Monday 28 December 2015

This Day In History - December 29th


1808

Andrew Johnson is born


On this day in 1808, future President Andrew Johnson is born in Raleigh, North Carolina.

Johnson’s career took him from mayor of Greeneville (1834) to the Tennessee legislature (1835) and then to the U.S. House of Representatives (1843). He went home to serve as Tennessee’s governor from 1853 to 1857, but then returned to Washington as a U.S. senator in late 1857.

In 1864, he accepted Abraham Lincoln’s offer to run with him as vice president for Lincoln’s second term. Lincoln was shot on the night of April 14, 1865, and died the next day, making Johnson the 17th president of the United States.
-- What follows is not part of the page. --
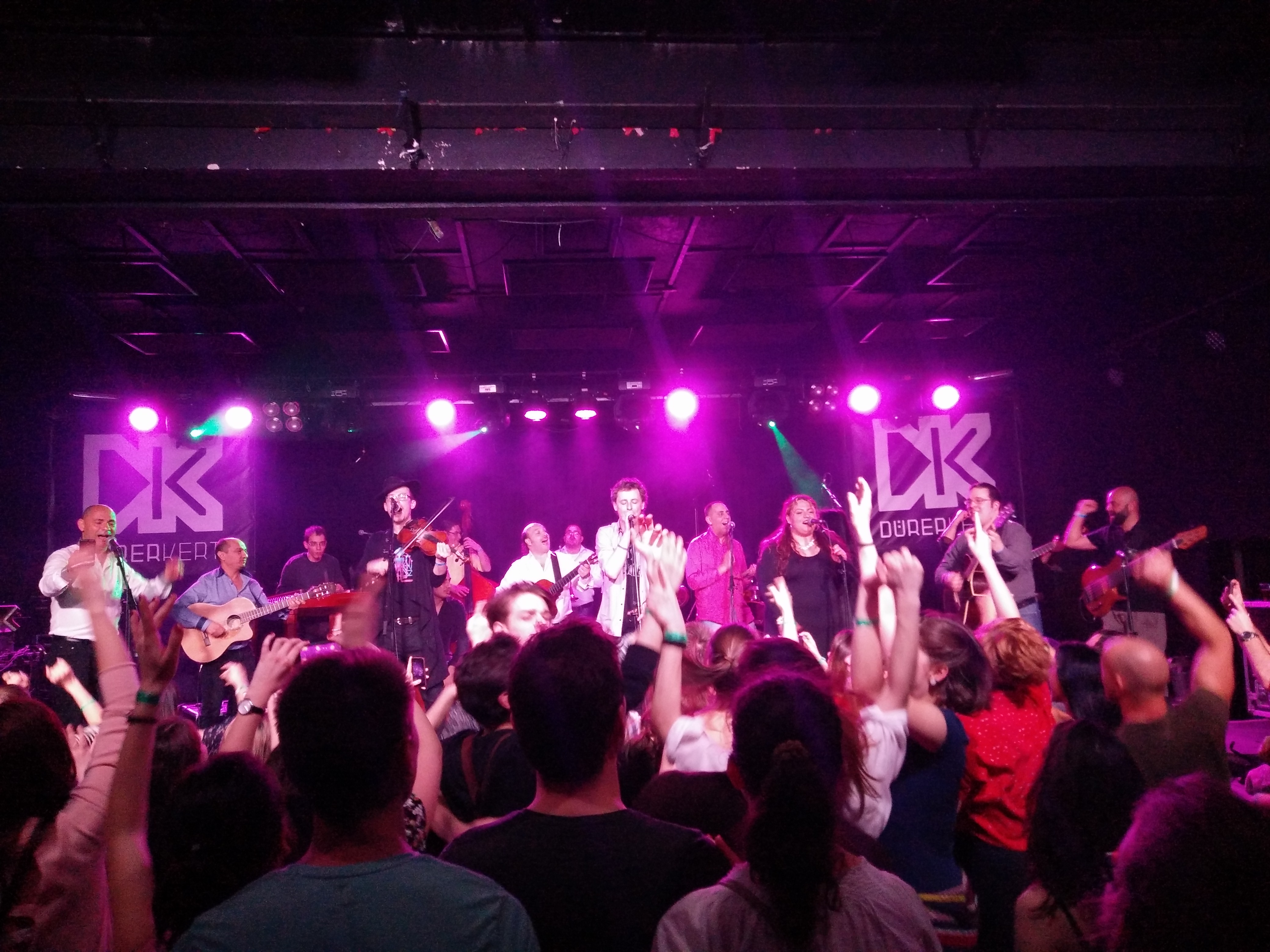 A koncert végén néhány számot közösen játszottak az est második fellépőjével, az Oláh Gipsy Beats-szel. A színpad dugig volt, alig fértek el rajtuk a zenészek, de a hangulat csak fokozódott.

In February 1868, the House of Representatives charged Johnson with 11 articles of impeachment for vague “high crimes and misdemeanors.” (For comparison, in 1998, President Bill Clinton was charged with two articles of impeachment for obstruction of justice during an investigation into his inappropriate sexual behavior in the White House Oval Office. In 1974, Nixon faced three charges for his alleged involvement in the Watergate scandal.)
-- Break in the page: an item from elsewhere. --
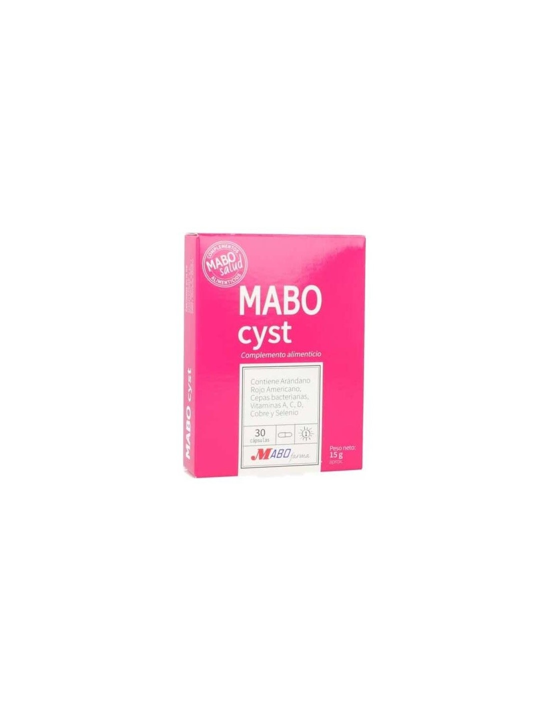 MABOcyst es un complemento alimenticio que contiene Arándano Rojo Americano, Probióticos específicos para la flora vaginal, Vitaminas A, C y D, Cobre y Selenio, componentes que en sinergia podrían ayudar al normal funcionamiento del sistema urinario. Recomendado para mujeres que busquen un aporte suplementario de vitaminas y probióticos para el sistema urinario.

The main issue in Johnson’s trial was his staunch resistance to implementing Congress’ Civil War Reconstruction policies. The War Department was the federal agency responsible for carrying out Reconstruction programs in the war-ravaged and socially disrupted southern states and when Johnson fired the agency’s head, Edwin Stanton,

Congress retaliated with calls for his impeachment.

Of the 11 counts, several went to the core of the conflict between Johnson and Congress. The House charged Johnson with illegally removing the secretary of war from office and for violating several Reconstruction acts. Johnson was also accused of hurling libelous “inflammatory and scandalous harangues” against Congressional members.
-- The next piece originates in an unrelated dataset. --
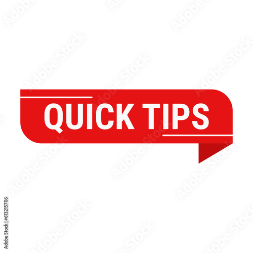 Quick Tips In Red Color And Rectangle Ribbon Shape With White Line For Advertisement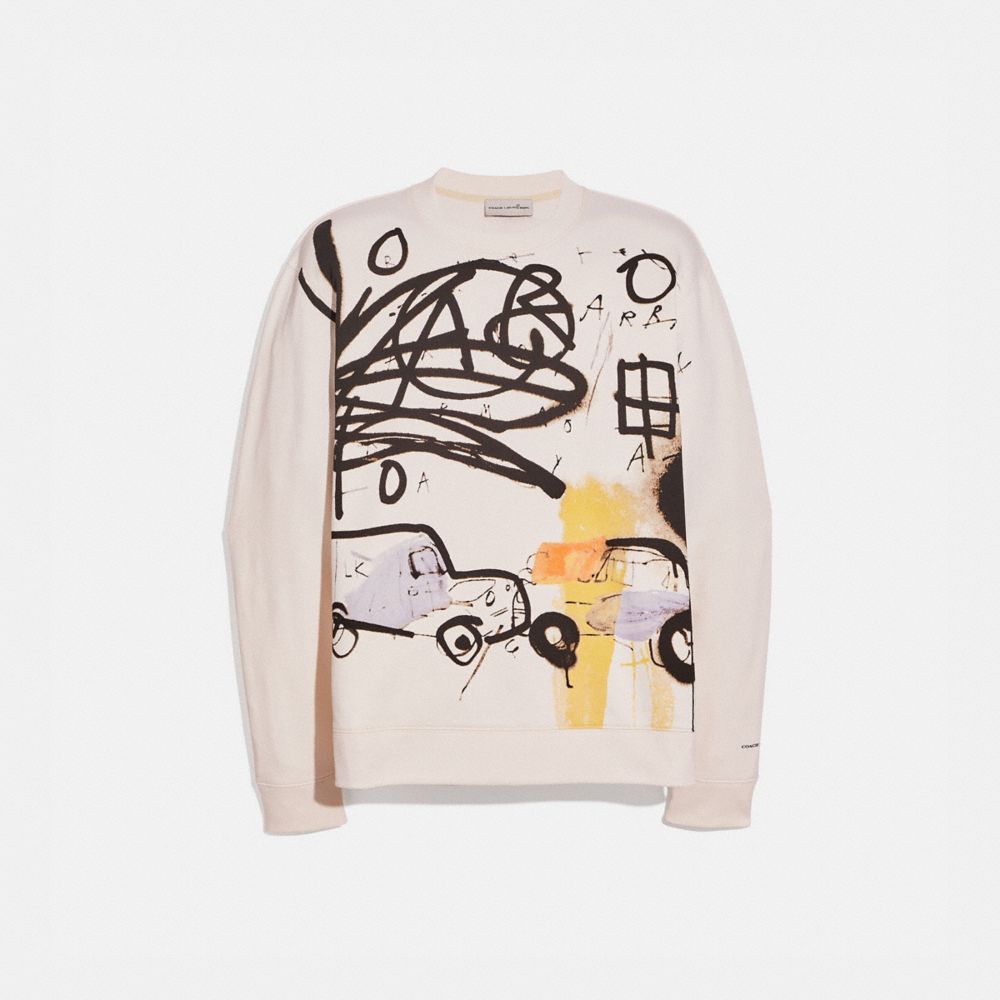 Coach feiert und ehrt den bekannten New Yorker Künstler Jean-Michel Basquiat mit einer besonderen Kollektion, die Elemente seiner revolutionären Kunstwerke zum Leben erweckt. Dieses Sweatshirt mit Rundhalsausschnitt und klassischer Passform aus Baumwolle ist mit einer weichen Naht abgeschlossen und zeigt auffällige Motive aus den rebellischen Kunstwerken des ikonischen Künstlers.

On February 24, the House passed all 11 articles of impeachment and the process moved into a Senate trial, which lasted until May 26, 1868. Johnson did not attend any of the proceedings and was not required to do so. After all the arguments had been presented for and against him, Johnson waited for his fate, which hung on one swing vote. By a vote of 35 to 19, Johnson was acquitted and finished out his term.

When Johnson’s presidency ended, he and his wife Eliza moved back to their home state of Tennessee. In 1869, they suffered tragedy: His son, an alcoholic, committed suicide. In early 1875, he launched a political comeback and was re-elected to the Senate in June of that year, but was never able to assume office. He suffered a stroke and passed away on July 31, 1875.